Nintendo's typical art style is cartoonish, which doesn't place very high requirements on the hardware. Zelda Wind Waker, which has been claimed to be native 1080P, does not run even close to 60fps, nor does it use a whole lot in the way of textures.
Wuu's main CPU is also very, very weak compared to even last generation of consoles (like 1/10th the flops of Cell or roughly on that order), the GPU is something akin to what you'll find in a budget laptop, and the system as a whole has very low main memory bandwidth (half of PS360 main RAM.) So it's not a powerful design by any stretch, even when eDRAM is taken into account.
I have heard statements like that for a long time, and while I agree that Wii U is no powerhouse by any stretch of the imagination, its obvious that alot of the criticism isnt founded in reality. How does a console that is supposedly completely gimped from memory bandwidth with a terrible CPU run Need for Speed MW better than either the PS3 or 360? Even Mass Effect 3 outperformed the PS3 version. Hard to believe a "port" not done by the original team could perform so well if the hardware is bottle necked severely from the memory bandwidth and the weak CPU. Memory bandwidth is obviously not a problem, even if people want to look at the 12.8GB/s from the main memory pool and chalk it up as gimped. Not a single developer ever once complained about the memory performance.
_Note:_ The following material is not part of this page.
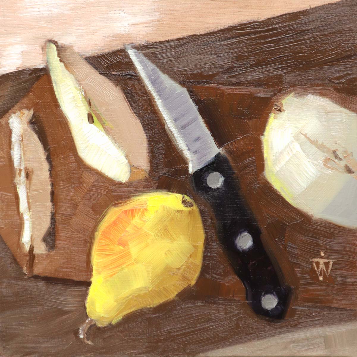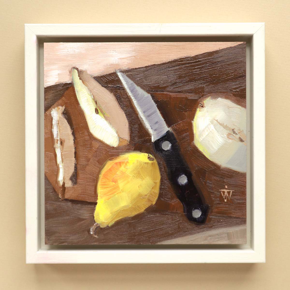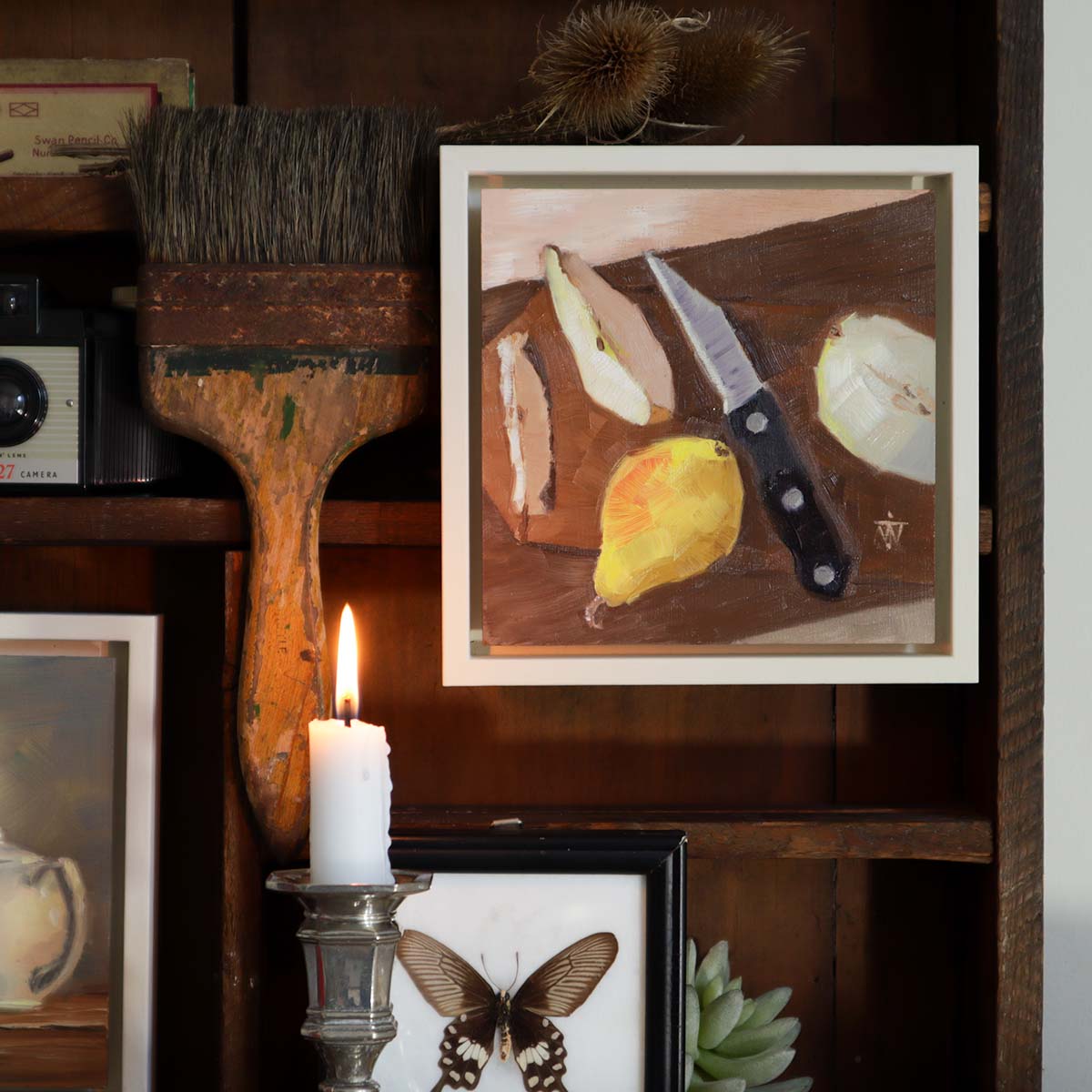 This charming little painting captures all of that kitchen warmth and nostalgia. The golden pear slices on weathered wood remind us that the most beautiful moments are often the simplest ones - just fresh fruit, a proper cuppa, and that sense of unhurried care.

The CPU is obviously not very strong with floating point performance. The 360 and PS3 were definitely stronger with floating point performance. Obviously developers took advantage of what the Cell and Xenon were good at, and used them to assist the GPU with some graphics rendering. Asking the Espresso to handle that same workload would probably not work out to well. I think developers who leaned very heavily on the CPU's with the 360 and PS3 to render graphics will not find much advantage from the Wii U hardware. I think its safe to say that regardless of SPU counts, the developers have found the Wii U's GPU to be more powerful and certainly more modern than the ones powering the current generation consoles. Frozenbyte for example runs Trine 2 almost exclusively on the GPU, they do very little on the CPU, so for them it was pretty easy for them to identify the Wii U as being the stronger console for their game.
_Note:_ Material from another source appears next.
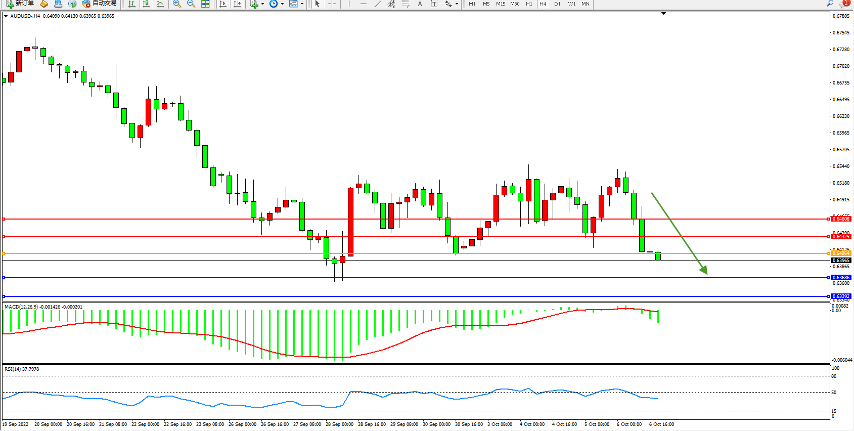 澳元美元AUDUSD——4小时K线图显示:

There was a member here that had made mention that they could never truly use all three cores on the Xenon because of the limited L2 cache, the Espresso on the other hand has tons of L2 cache, so I do think the developers will find multi threading on Wii U to be far more beneficial,and necessary to get the most out of the system. Developers have been able to optimize for the Cell and Xenon for so many years now that many of the inefficiencies of those CPU's has been masked by code structured to avoid those potential stalls. I would love to hear from a developer on the differences and weaknesses between Wii U and the current gen consoles. I say current gen since its pretty obvious that its closer to those consoles in terms of outright power than it is with the new PS4 and X1.